Post by gmaynardkrebs »

soccerrules wrote: Thu Aug 02, 2018 8:13 am
gmaynardkrebs wrote: Thu Aug 02, 2018 8:10 am
soccerrules wrote: Thu Aug 02, 2018 8:00 am One consideration if you move forward with this plan is to increase DECREASE the DB initially and then over the term reduce the DB (as the need for funds lessens) which will also reduce the yearly cost.[/color]
Not a wise plan with level term, because while the premium per dollars insured remains the same over the years, your likelihood of collecting rises every year. I'm sure it would make the insurance company very happy though.
sorry edited -- i meant DECREASE. My plan is to consider "if" i keep my level term past FIRE I would decrease the DB greatly and perhaps keep it for a few more years as a way to leave something for the kids so they don't have to wait until we both pass to receive monies.

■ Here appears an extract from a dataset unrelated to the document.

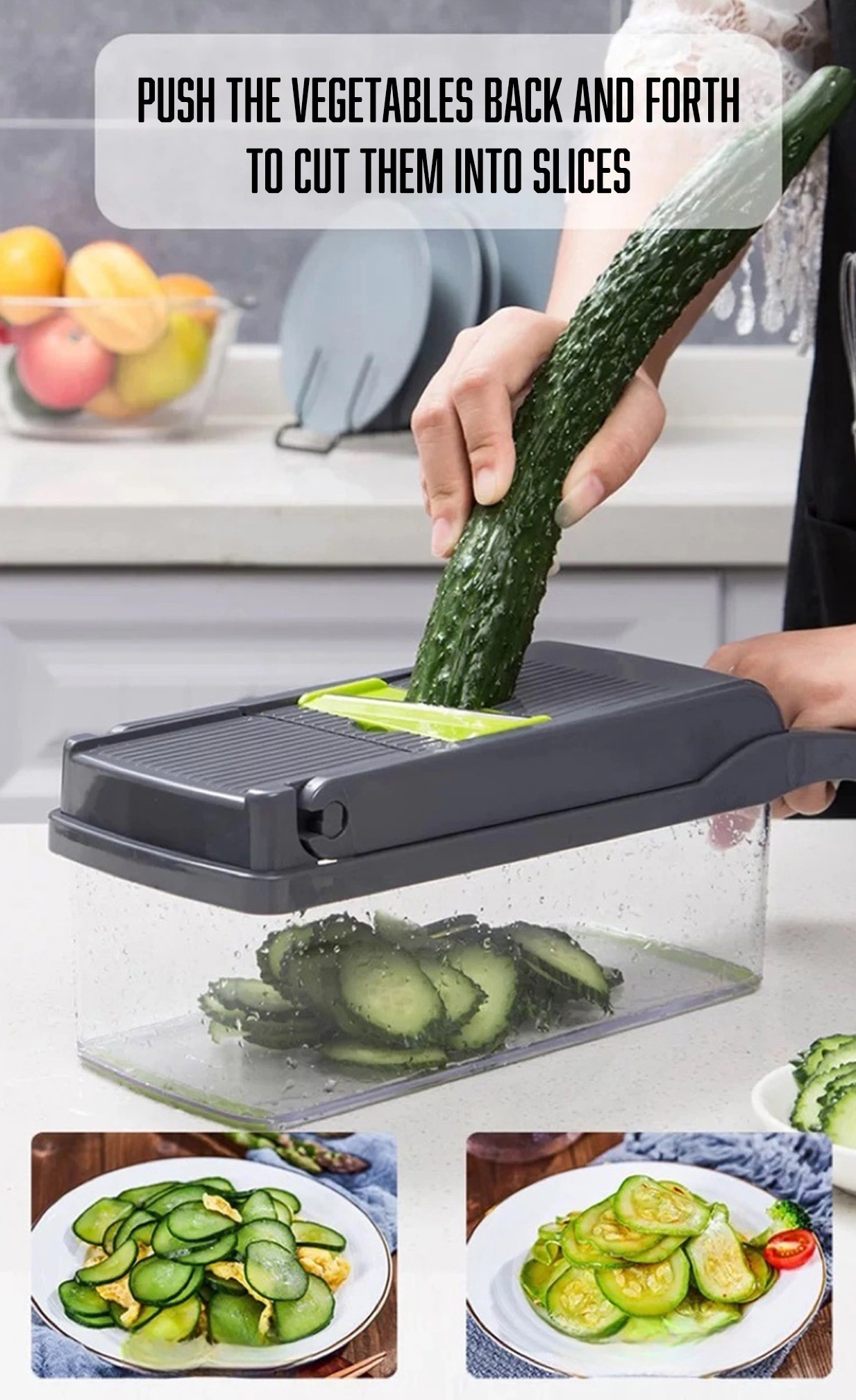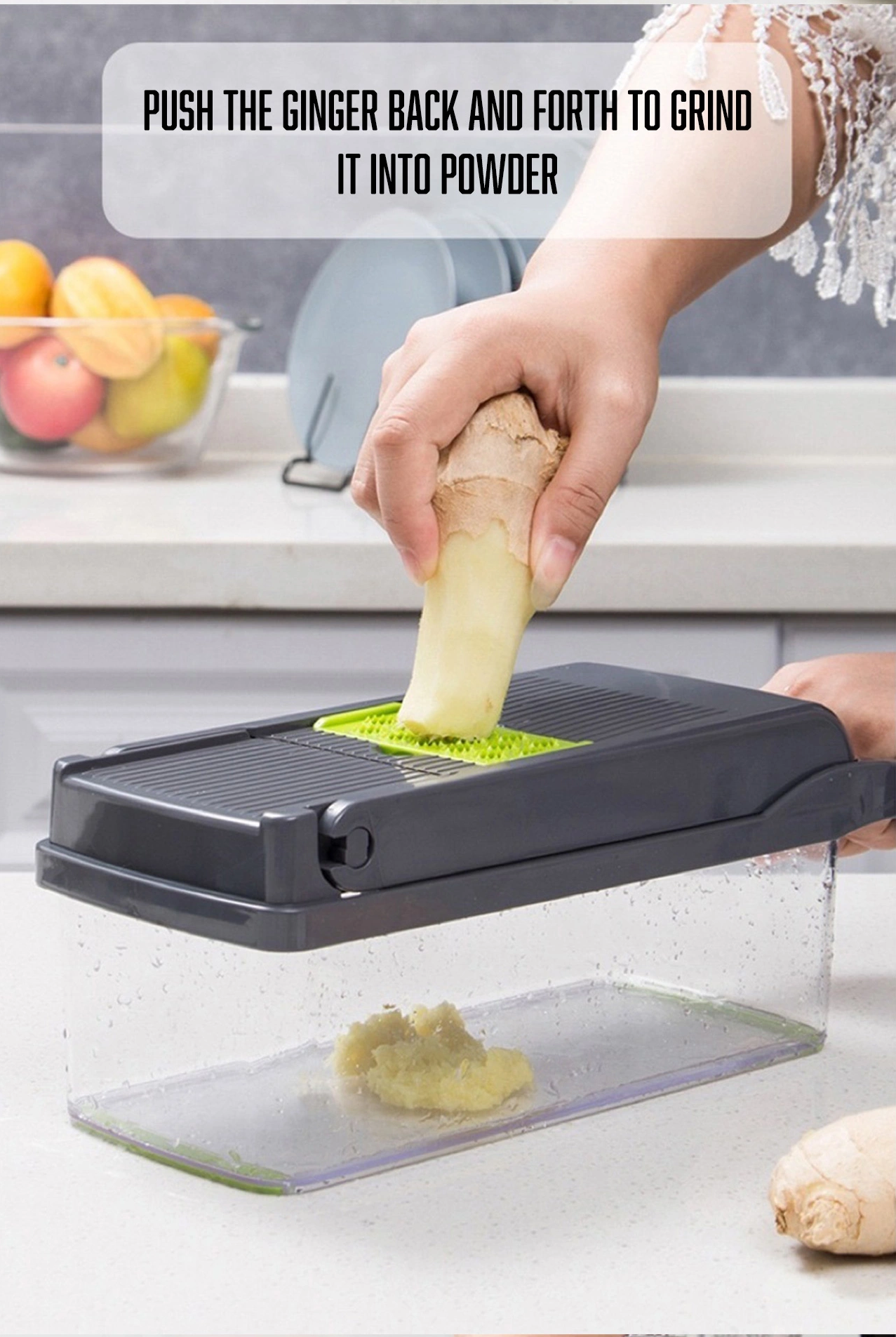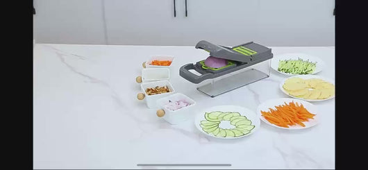 • Mandolina de cocina compacta para cortar dados grandes o pequeños, picar, rebanar, rallar.

Whatever the initial amount, you are giving up the "best" years of the policy if you cancel all or part of it in the later years of the term, for reasons that should be obvious. If you think you will need less at some point, it would be better to do a buy separate policies of 10, 15 and 20, so you are not paying for insurance that you think you won't need after a certain age.
Last edited by gmaynardkrebs on Thu Aug 02, 2018 8:31 am, edited 1 time in total.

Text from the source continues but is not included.